Hello,
I am currently developing a PIR server using the pir-server-example repository.
We are anticipating a total of 10 million URLs for our dataset. In this context, what would be the optimal shard size (number of records per shard) to balance computational latency and communication overhead?
Any advice or best practices for handling a dataset of this scale would be greatly appreciated.
Thank you.
Any advice or best practices for handling a dataset of this scale would be greatly appreciated.
So, first and foremost, please file a bug asking us to provide clearer sharing guidance and then post the bug number back here. I've provided some very basic guidance below, but ultimately, this is something that we need to provide more complete documentation about.
We are anticipating a total of 10 million URLs for our dataset.

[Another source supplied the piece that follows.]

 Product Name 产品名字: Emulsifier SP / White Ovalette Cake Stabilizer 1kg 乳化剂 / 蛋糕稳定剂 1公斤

In this context, what would be the optimal shard size (number of records per shard) to balance computational latency and communication overhead?

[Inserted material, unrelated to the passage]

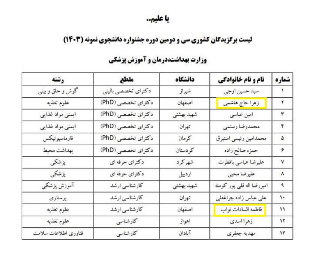 خانم زهرا حاج هاشمی و خانم فاطمه سادات نواب در سی و دومین دوره جشنواره دانشجویان نمونه، موفق به کسب عنوان ارزشمند دانشجوی برگزیده کشوری شدند.

So, the primary factors to be aware of here are:
-
The server receives the shard number of every request, so the level of privacy protection is directly tied to the shard count. So, fewer shards provide better privacy.
-
For cryptographic reasons I can't easily explain, the shard count should be a power of two.
-
Performance is roughly tied to shard size, so more (smaller) shards mean better performance.
So, the basic answer here is that you should use the smallest shard count that is a power of 2 and provides good performance.
Finally, keep in mind that it's critical that all shards use the same configuration, as described here.
__
Kevin Elliott
DTS Engineer, CoreOS/Hardware